# What to produce:
From the first line to the last, please print the entries exactly, omitting pictures.

- Opening Delimiter -

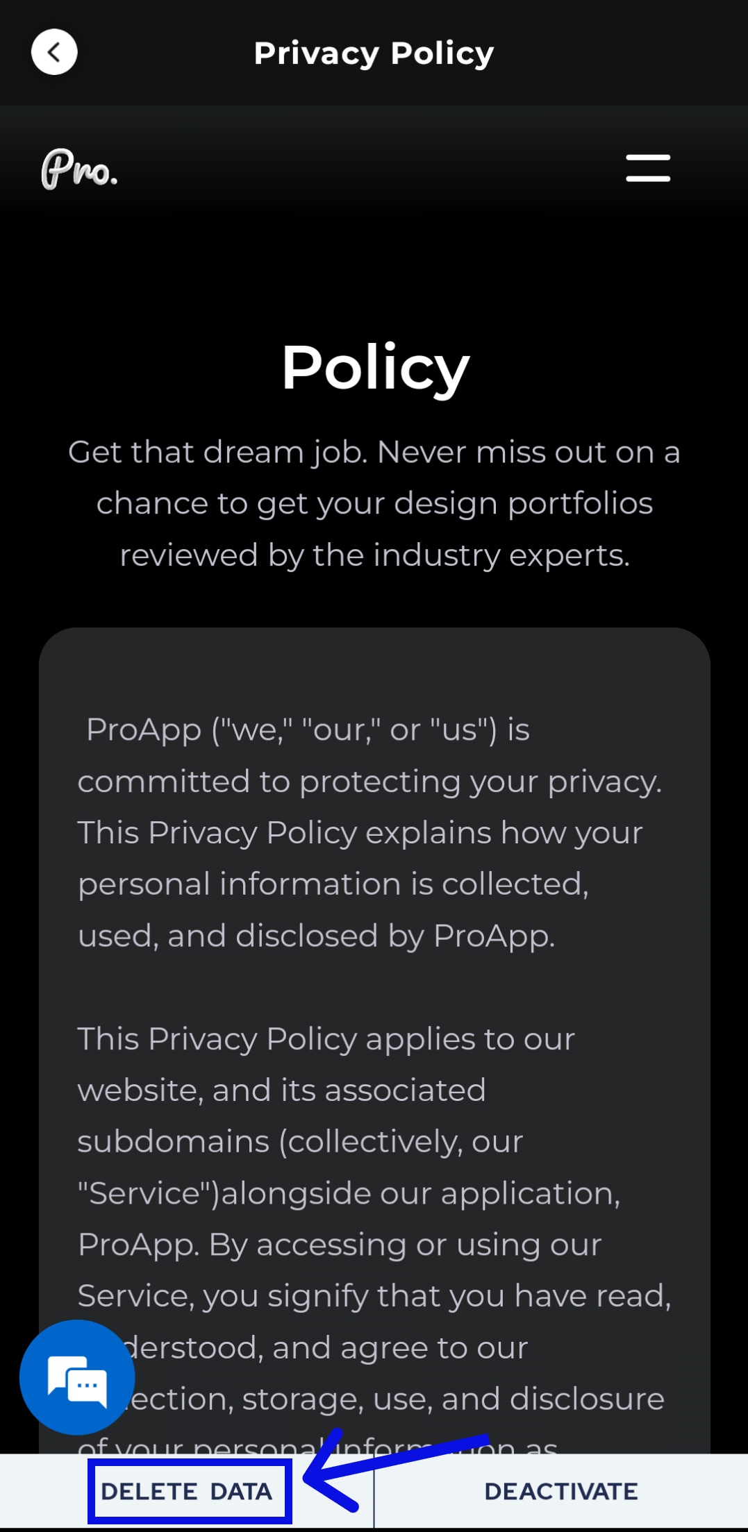4. Now, you can see the 'Delete Data' button on the privacy policy page.
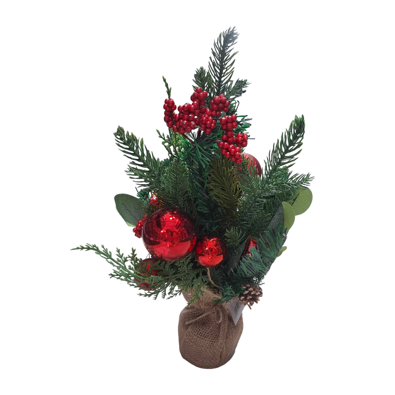 Χριστουγεννιάτικο διακοσμητικό δεντράκι με επιτραπέζια βάση και εντυπωσιακή σύνθεση με στολίδια και υπέροχες ρεαλιστικές λεπτομέρειες που μπορεί να ταιριάξει παντού και να προσδώσει ένα χαριτωμένο γιορτινό τόνο σε κάθε χώρο. Κατάλληλο για να δημιουργήσετε μαγευτική ατμόσφαιρα στις γιορτές σας. Ετοιμαστείτε να υποδεχτείτε την περίοδο των γιορτών με στιλ και να γεμίσετε τις στιγμές σας με λάμψη και θαλπωρή.
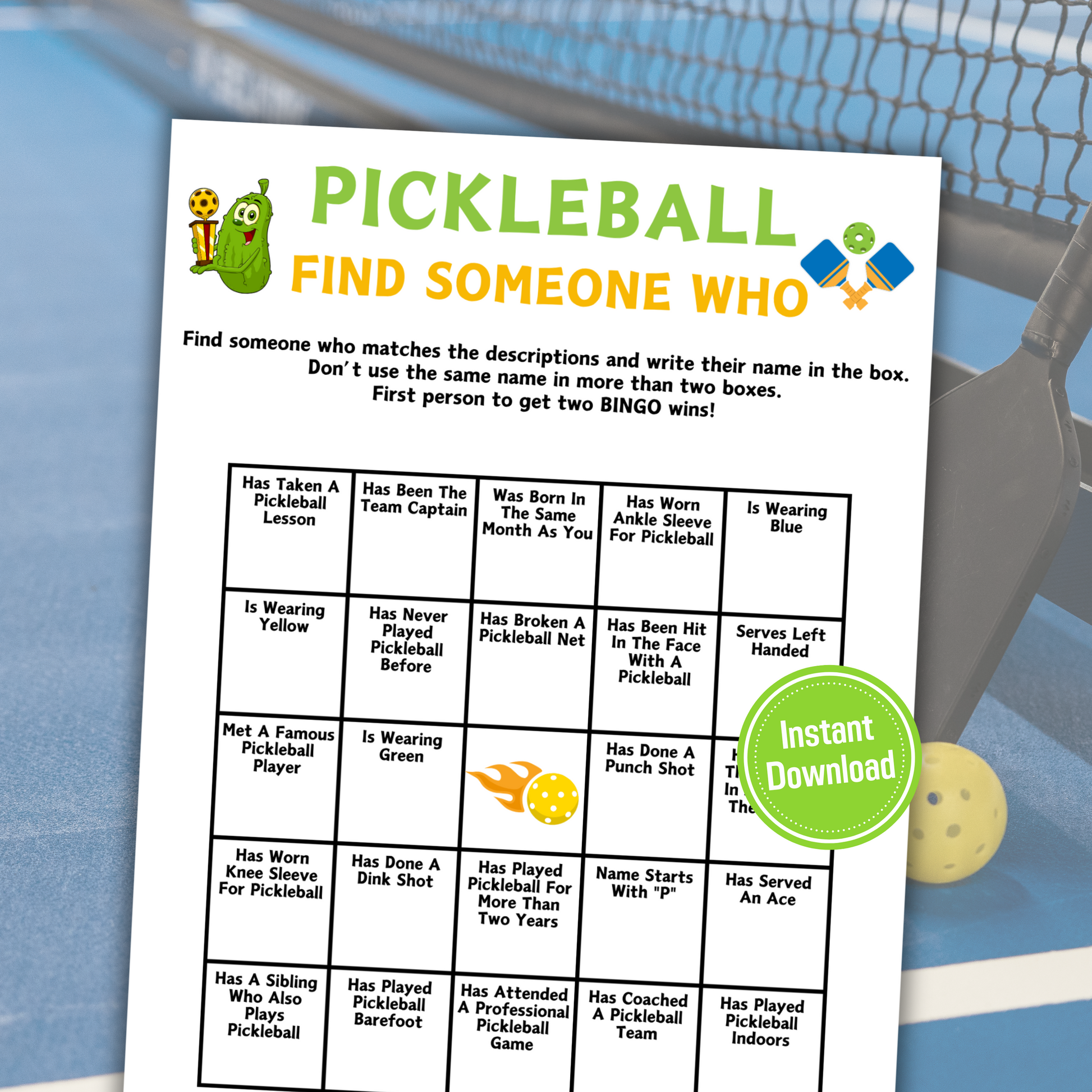 - A file included Pickleball Find Someone Who Game (8.5" x 11").
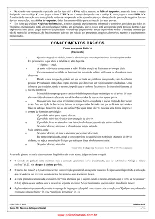 O documento apresenta instruções para a realização de uma prova com 150 itens, indicando que os candidatos devem marcar C para itens corretos e E para errados. Também fornece algumas considerações sobre os itens de Informática e sobre a língua portuguesa.
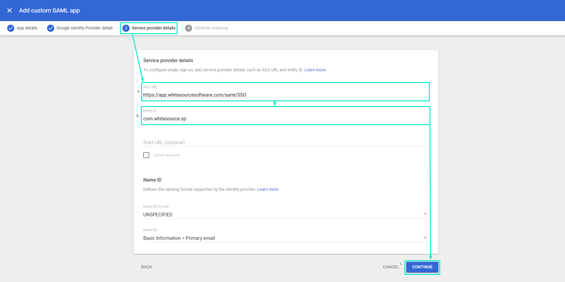 https://<your_mend_environment_here>.mend.io/saml/SSOFill in Entity ID with this: com.whitesource.sp
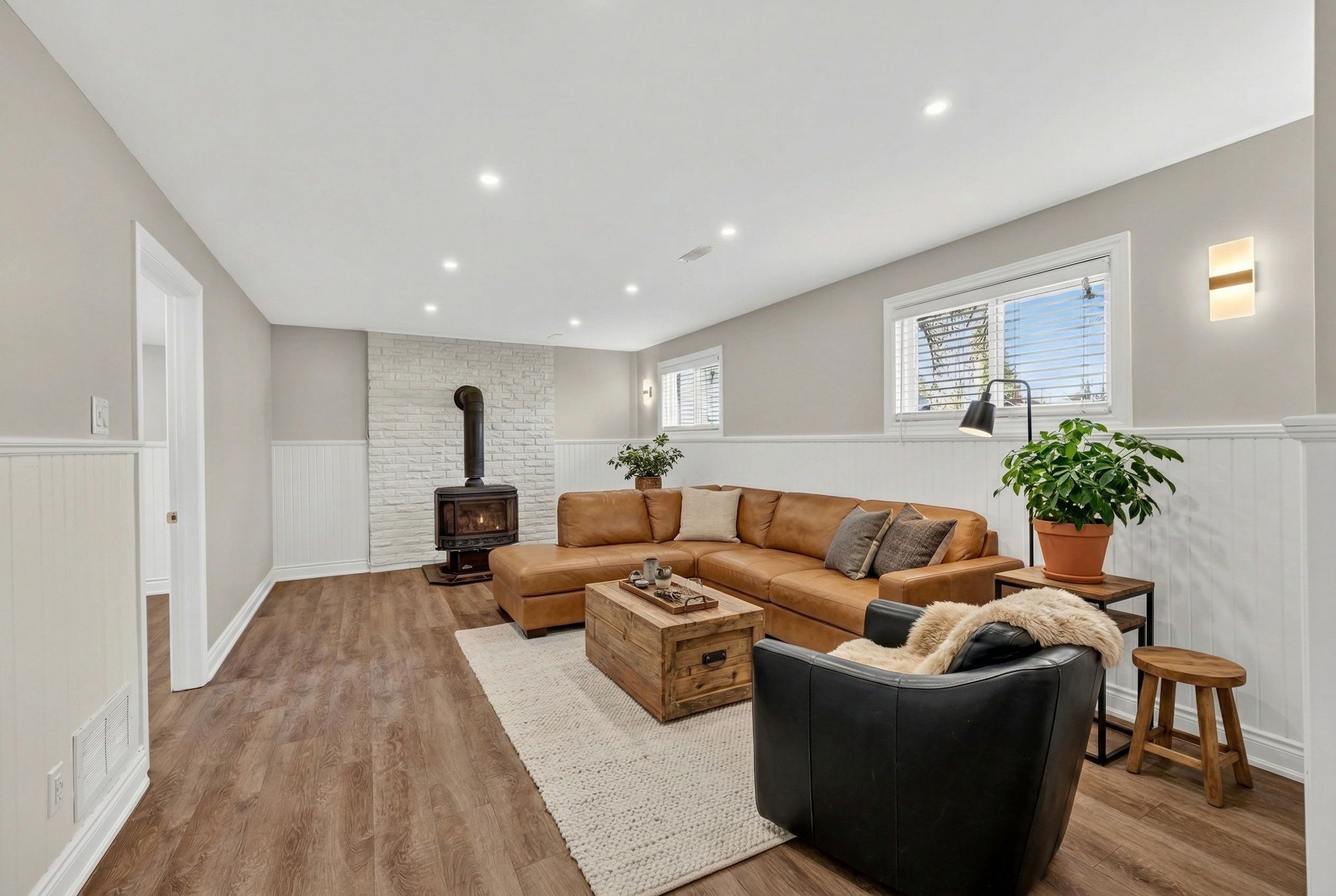 • Cozy rec-room featuring a Napoleon gas fireplace for relaxation.
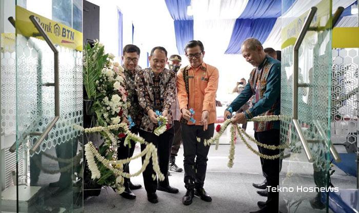 KABANJAHE-Kepala Kantor Wilayah IV Bank BTN Muhamad Amin Sholeh didampingi Kepala Badan Keuangan dan Aset Daerah Kabupaten Karo Dr.Drs.Eddi Surianta, M.Pd, Kepala Cabang BTN Medan Carly Tambunan, Kepala Cabang Pembantu BTN Kabanjahe Ein Valencia, Kepala Bagian Perizinan OJK Kantor Regional V Sumatera Bagian Utara Abdullah Fahmi Lubis, serta Asisten Direktur Kantor Perwakilan Bank Indonesia Sumut Siti Senorita melakukan pengguntingan pita sebagai pertanda diresmikannya Kantor Cabang Pembantu BTN Kabanjahe, Jumat (26/8/2022) di Jalan Veteran Kabanjahe, Kabupaten Karo.

- Closing Delimiter -

# Finished task:
4. Now, you can see the 'Delete Data' button on the privacy policy page.
 Χριστουγεννιάτικο διακοσμητικό δεντράκι με επιτραπέζια βάση και εντυπωσιακή σύνθεση με στολίδια και υπέροχες ρεαλιστικές λεπτομέρειες που μπορεί να ταιριάξει παντού και να προσδώσει ένα χαριτωμένο γιορτινό τόνο σε κάθε χώρο. Κατάλληλο για να δημιουργήσετε μαγευτική ατμόσφαιρα στις γιορτές σας. Ετοιμαστείτε να υποδεχτείτε την περίοδο των γιορτών με στιλ και να γεμίσετε τις στιγμές σας με λάμψη και θαλπωρή.
 - A file included Pickleball Find Someone Who Game (8.5" x 11").
 O documento apresenta instruções para a realização de uma prova com 150 itens, indicando que os candidatos devem marcar C para itens corretos e E para errados. Também fornece algumas considerações sobre os itens de Informática e sobre a língua portuguesa.
 https://<your_mend_environment_here>.mend.io/saml/SSOFill in Entity ID with this: com.whitesource.sp
 • Cozy rec-room featuring a Napoleon gas fireplace for relaxation.
 KABANJAHE-Kepala Kantor Wilayah IV Bank BTN Muhamad Amin Sholeh didampingi Kepala Badan Keuangan dan Aset Daerah Kabupaten Karo Dr.Drs.Eddi Surianta, M.Pd, Kepala Cabang BTN Medan Carly Tambunan, Kepala Cabang Pembantu BTN Kabanjahe Ein Valencia, Kepala Bagian Perizinan OJK Kantor Regional V Sumatera Bagian Utara Abdullah Fahmi Lubis, serta Asisten Direktur Kantor Perwakilan Bank Indonesia Sumut Siti Senorita melakukan pengguntingan pita sebagai pertanda diresmikannya Kantor Cabang Pembantu BTN Kabanjahe, Jumat (26/8/2022) di Jalan Veteran Kabanjahe, Kabupaten Karo.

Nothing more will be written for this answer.